_Exercise_: When you reach the line that contains "the cage. |" in the data below, start reproducing lines exactly, and stop after the line that contains "When you select".

Segment Start: Data for this task

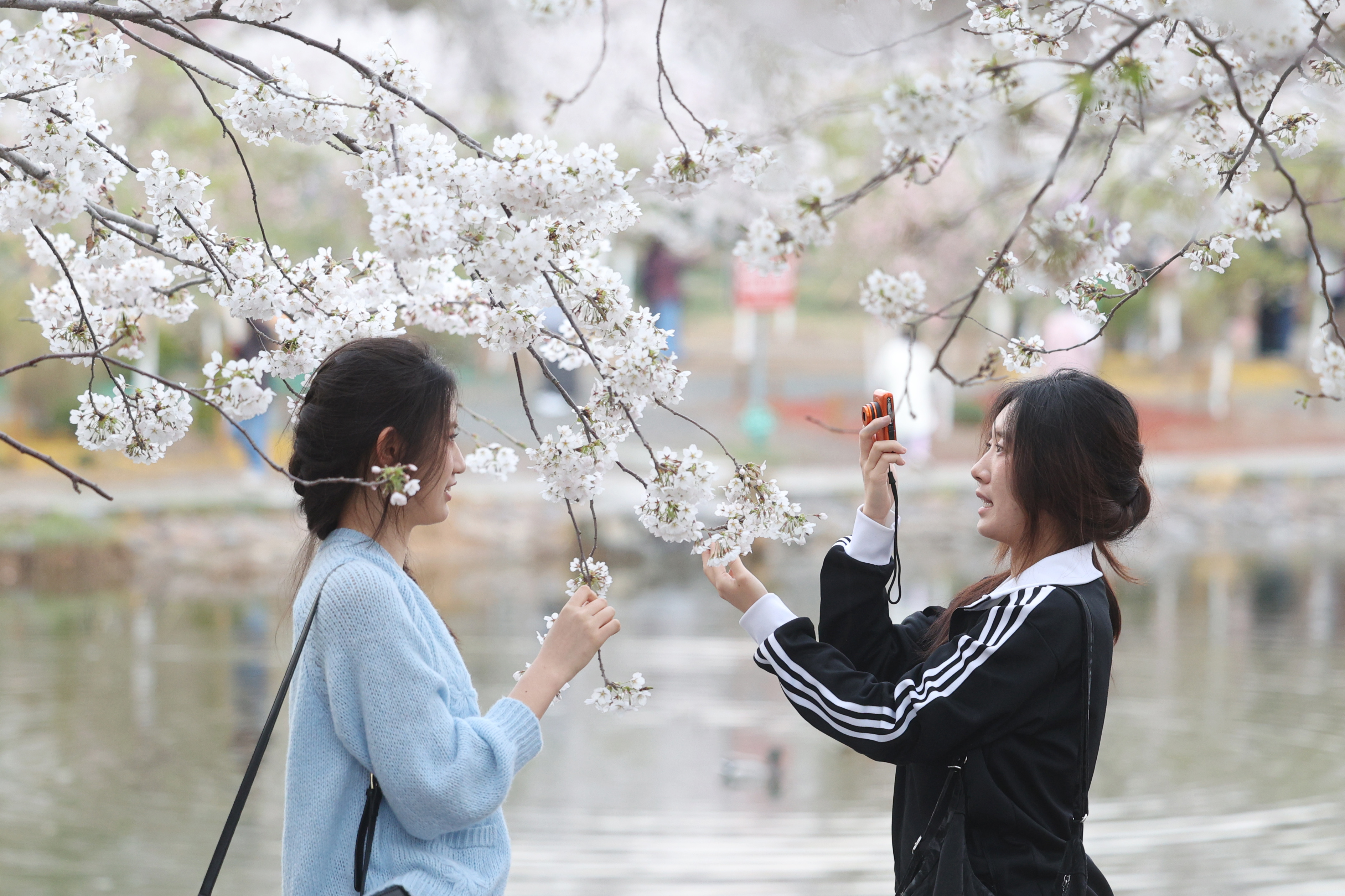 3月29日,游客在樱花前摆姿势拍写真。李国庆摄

Segment End: Data for this task
Segment Start: Data for this task

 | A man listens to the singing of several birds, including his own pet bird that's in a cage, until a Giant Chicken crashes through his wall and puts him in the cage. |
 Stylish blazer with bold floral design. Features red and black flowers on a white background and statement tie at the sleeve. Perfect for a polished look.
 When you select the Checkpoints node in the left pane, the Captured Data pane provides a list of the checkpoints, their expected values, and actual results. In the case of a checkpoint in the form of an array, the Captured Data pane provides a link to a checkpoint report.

Segment End: Data for this task

_Result of this task_:
 | A man listens to the singing of several birds, including his own pet bird that's in a cage, until a Giant Chicken crashes through his wall and puts him in the cage. |
 Stylish blazer with bold floral design. Features red and black flowers on a white background and statement tie at the sleeve. Perfect for a polished look.
 When you select the Checkpoints node in the left pane, the Captured Data pane provides a list of the checkpoints, their expected values, and actual results. In the case of a checkpoint in the form of an array, the Captured Data pane provides a link to a checkpoint report.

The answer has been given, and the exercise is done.